Generally, for content websites, a list of articles related to this article needs to appear in each article. Most people use the following method: Create a keyword list, judge which keywords are contained in each article, and finally find the most relevant article based on the keywords. For websites with complicated content, determining key list words is obviously troublesome.
Later I checked some php functions, and I felt that the similar_text (php4, php5) function could easily meet my requirements.

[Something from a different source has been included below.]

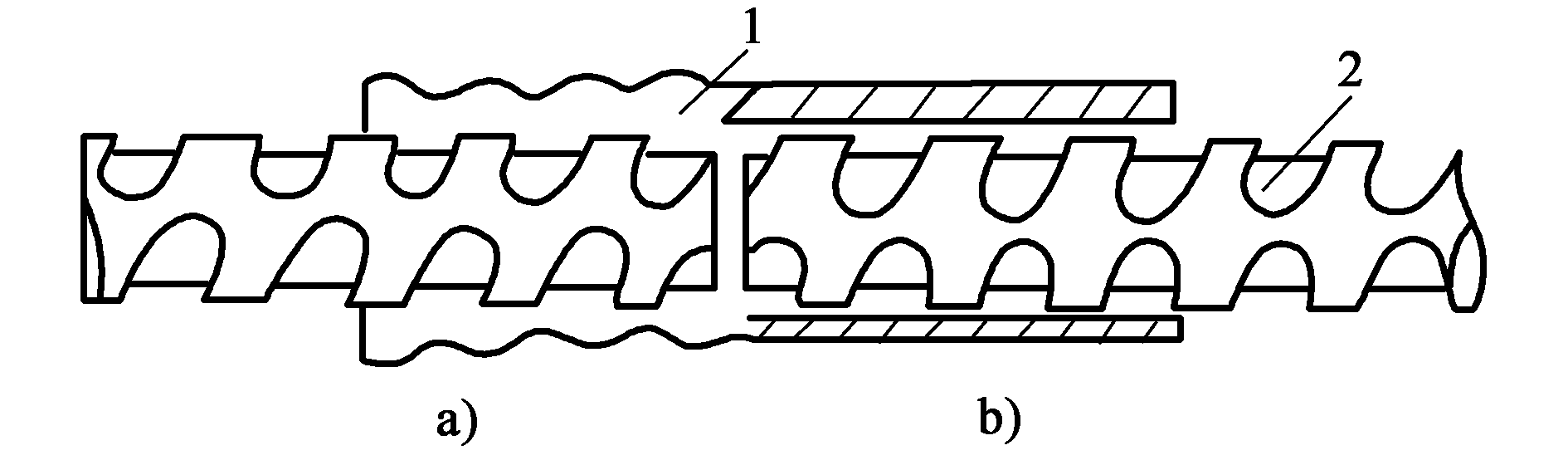a)已擠壓部分;b)未擠壓部分1鋼套筒;2帶肋鋼筋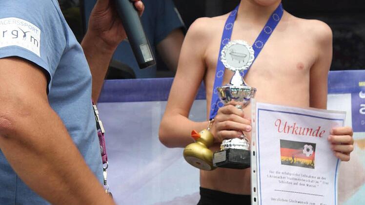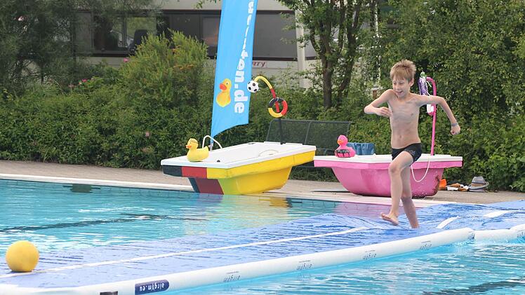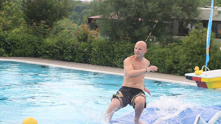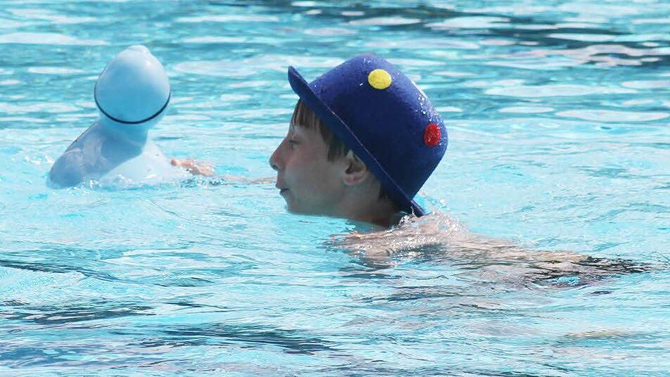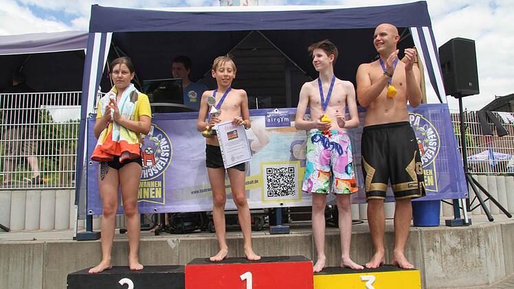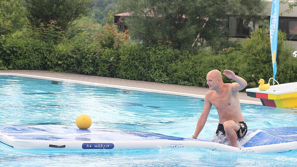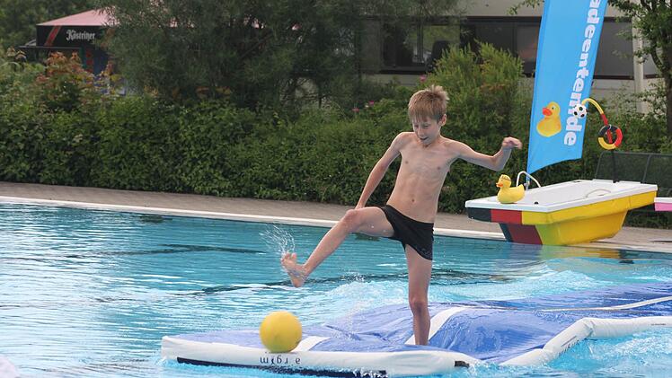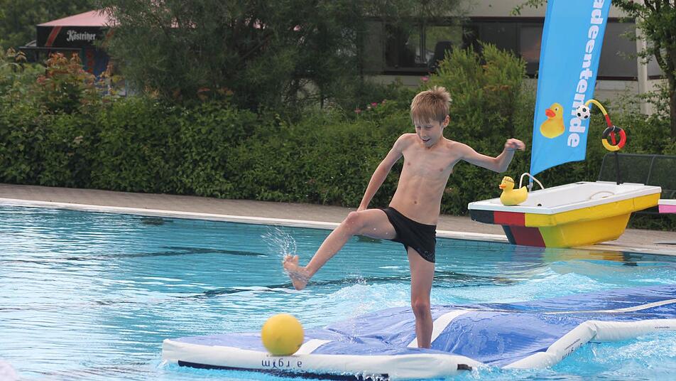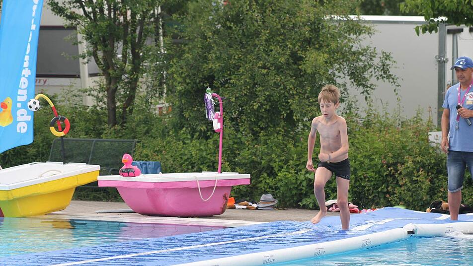 Aber nicht nur in der Badewanne hatten die passionierten Freibadgänger Spaß, sondern auch beim Elfmeterschießen im Wasser. Und das erwies sich als tückisch: Denn die Schützen mussten elf Meter auf einem aufblasbaren Steg auf dem Wasser zurücklegen - und der war so gar nicht stabil. Sieger beim Elfmeterschießen war Justin Moshacke, zehn Jahre alt. Er konnte den Pokal und das goldene Quietsche-Entchen mit nach Hause nehmen und verwies Anna Maria Pfromm und Sebastian Flesch und André Herd auf Rang zwei und auf die beiden dritten Plätze.

This idea is: retrieve all the article titles from the article list, compare all the article titles with the current title, and generate an array of the comparison results, the article titles are compared with the original article titles by similar_text based on the similarity, and the titles are re-arranged according to the similarity of the titles, A list of similar articles is obtained.
The key functions used in this approach are:
int similar_text ( string $first, string $second [, float $percent] )
It returns the same number of bytes of the two root strings.
According to this idea, we create the following function. The function is to rearrange the $ arr_title array in a sequence similar to $ title.
<? Php $ demo_title = ""; $ demo_arr_title = array ("simple modern magic", "simple modern magic", "concise ancient magic ", "modern magic is not simple", "modern magic is difficult to understand"); $ new_array = getSimilar ($ demo_title, $ demo_arr_title); // print_r ($ new_array ); echo "the first three articles most relevant to [$ demo_title] are: <br/>"; for ($ j = 0; $ j <= 2; $ j ++) {echo ($ j + 1 ). ":". $ new_array [$ j]. "<br/>" ;}// $ title: Current title. $ arrayTitle is the Array function getSimilar ($ title, $ arr_title) to be searched) {$ arr_len = count ($ arr_title); for ($ I = 0; $ I <= ($ Rr_len-1); $ I ++) {// get two bytes of string similarity $ arr_similar [$ I] = similar_text ($ arr_title [$ I], $ title );} arsort ($ arr_similar); // sort the reset ($ arr_similar) by the number of similar bytes; // move the pointer to the first unit of the array $ index = 0; foreach ($ arr_similar as $ old_index => $ similar) {$ new_title_array [$ index] = $ arr_title [$ old_index]; $ index ++;} return $ new_title_array;}?>
Program running result:
The first three articles most relevant to [helper's house] are: 1: simple and clear modern magic 2: easy to understand modern magic 3: Concise and concise ancient magic
Note the following:
- Someone has done this test on similar_text speed. The result is:
The speed issues for similar_text seem to be only an issue for long sections of text (& gt; 20000 chars ).
I found a huge performance improvement in my application by just testing if the string to be tested was less than 20000 chars before calling similar_text.
20000 + took 3-5 secs to process, anything else (10000 and below) took a fraction of a second. fortunately for me, there was only a handful of instances with> 20000 chars which I couldn't get a comparison %.
It may be slow to directly use the text for comparison.
- This function may not work very well in English (I have not tried it ). You can separate an English sentence with spaces into multiple words and then write a function similar to similar_text.
- When a sentence contains many non-Keyword characters, such as ", and so on, the result may be unsatisfactory.